The golden ratio is the name of the harmony between the parts or stages that constitute a whole, which can be seen in our daily life, in nature or in the universe, any time or place.

The Golden Ratio, which we can call the most beautiful harmony of the parts that make up a whole as we mentioned before, is the string of numbers starting with 1.61803389. The symbol of the Golden Ratio is Phi,Φ.

For example, if we divide the black line into two parts according to the Golden Ratio, the ratio of red part to the blue and the ratio of the blue part to the black is equal.

The Fibonacci string or Fibonacci numbers emerged after Leonardo of Pisa asked the following problem in his book Liber Abaci, in which he described the Indian-Arab numbers. You can learn more about Leonardo Fibonacci from this page.

The problem asks this question,

Put a pair of rabbits in a room with all sides surrounded by walls. How many pairs of rabbits are there at the end of the year if every pair of rabbits give birth to a new pair every month, (but the newborn rabbit pair will start giving birth from the second month)?

The resulting number sequence is 1, 1, 2, 3, 5, 8, 13, 21, 34, 55,

If you ask what these numbers mean let us tell you, that it was noticed later that when these numbers are divided by each other the number 1,618033… is the result which is widely used in nature and many places in the universe.
But it would be wrong to say that it is used everywhere or continuously because it is just one of the ratios that we have discovered so far. There are writings about the human body describing that as the harmony of the combined particles come closer to the Golden Ratio they approach the average.

The most common examples are plants’ petals, sunflowers, cones, aloe plants and similar plants. As you can see below, some tree branches produce new branches similar to the Fibonacci number sequence.

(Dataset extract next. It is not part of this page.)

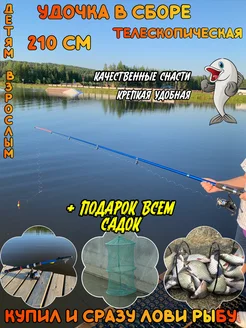 удочка в сборе 2.1 м, удочка телескопическая 2.1 м садок
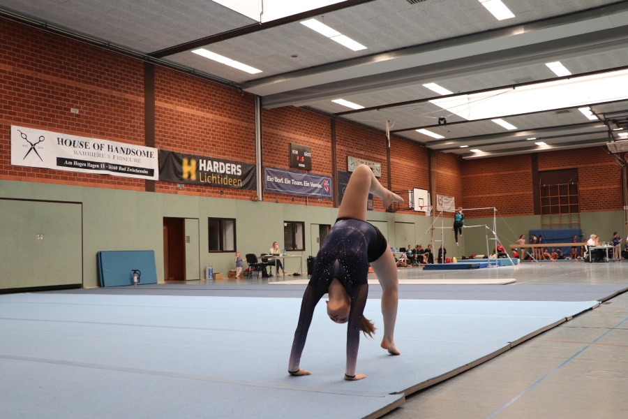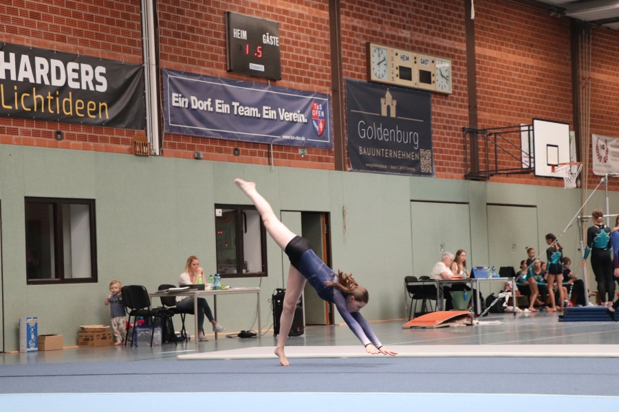 Am Sonntag war es dann soweit: Die Spannung in der Halle war spürbar, die Ofener Turnerinnen präsentierten sich in neuen Trikots – Danke an http://@goldenburg_bau . Lange hatte man trainiert und jetzt sollte in jeweils nur wenigen Sekunden die Leistung auf den Punkt genau erbracht werden. Wenn dann die Aufregung dazu kam und mal etwas nicht so ganz klappte, dann flossen auch schon mal ein paar Tränen. An erster Stelle steht jedoch das Erlebnis, bei so einer Veranstaltung dabei zu sein!

We come across the gold ratio many times on our bodies. For example, our belly-button is situated at a golden ratio in relation to our height. If we divide our arms from our elbows, we come across the golden ratio. The golden ratio can be found in the human fingers or the face.
It is important to note that the body of each individual shows different proportions, but if we look at the average in general we see that we are closer to the Golden Ratio.

Nautilus shells living in the deep waters of the South Pacific are a perfect example of the Golden Ratio. In addition to this, there are examples of the golden ratio in starfish, dolphins, honey bees and ants.

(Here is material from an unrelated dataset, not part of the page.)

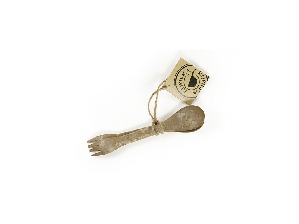 Spork (combinație de lingură și furculiță) de la producătorul finlandez Kupilka din material Kareline®. Acest material este unic prin combinarea fibrelor de lemn de pin și a termoplasticului într-un raport de 50:50. Acesta combină avantajele lemnului și ale plasticului. Este incasabil, tolerează temperaturi de la -30°C până la +110°C, este rezistent și ușor; nu absoarbe mirosurile alimentelor, este ușor de curățat și nu este sensibil la umezeală, precum vesela tradițională din lemn.

The spiral arms of the Milky Way Galaxy, where our solar system is located, are a good example of the Golden Ratio. We also come across this ratio in storms and whirlpools. Below you can see a satellite picture of Hurricane Sandy which hit the continent of America in 2012.

Brands such as Toyota, Mercedes, Twitter, Apple, Google, Pepsi have benefited from the ideal Golden Ratio when designing their logos.

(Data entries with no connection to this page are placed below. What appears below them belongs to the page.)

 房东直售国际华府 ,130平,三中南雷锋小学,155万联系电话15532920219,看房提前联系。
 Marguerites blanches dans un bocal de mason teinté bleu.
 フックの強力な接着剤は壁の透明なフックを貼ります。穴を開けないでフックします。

Leonardo Pisano (Leonardo of Pisa) or widely known as Fibonacci is one of the most talented mathematicians of the Middle Ages. It is thought that he was born in Pisa in 1170.

Fibonacci’s journey in algebra begins with the appointment of his father, a Pisalian merchant named Guglielmo, as a consul to the North African port of Bugia (now Bejaya, Algeria).

His father hired an Arab teacher to teach Fibonacci to make calculations, and then Fibonacci realized that making calculations with Indian-Arab numbers was much simpler than Roman figures.

Fibonacci will later describe these figures as follows: “Nine Indian figures are 9 8 7 6 5 4 3 2 1. By adding the number “0” to these digits, any number can be written down.

Leonardo had the opportunity to work with the leading Arabian mathematicians of the time by visiting the Mediterranean region until 1200.

When Fibonacci published this work, no one except a few “intellectuals” knew about the Hindu-Arab numbers. Liber Abaci drew great attention after he was published, his work was printed many times, and the Arab numbers began to spread among the Italian merchants (despite the prohibition of the church).

In the meantime, the book drew the attention of the Roman Emperor Frderick II. who was fond of science. The Emperor calls Fibonacci in 1220 and makes him take an exam and when he sees that he is very successful he keeps him near him.

Fibonacci dedicate his book Liber Quadratorum (The Book of Squares), which he wrote in 1225 to the emperor. The book, which was not as popular as Liber Abaci became in fact a masterpiece and had greatly contributed to the theories of numbers.

Leonardo Fibonacci is named as “The person who takes Mathematics from the Arabs and transfers it to Europe” but his name is now known for a number sequence that arises in a problem in Liber Abaci that I will talk about a little later.

The problem which is about the Fibonacci Numbers 1, 1, 2, 3, 5, 8, 13, 21, 34, 55…. is as follows:

Put a pair of rabbits in a room with all sides surrounded by walls. How many pairs of rabbits are there at the end of the year if every pair of rabbits give birth to a new pair every month, (but the newborn rabbit pair will start giving birth from the second month)?

In fact, according to our estimations, the answer to this question, is an addition exercise, which the answer is found by adding the previous answer and finding a new result, and the number 1,618033…. is found when these numbers are divided by each other. This number has become very popular when it was realized that it was used in many places in nature and the universe.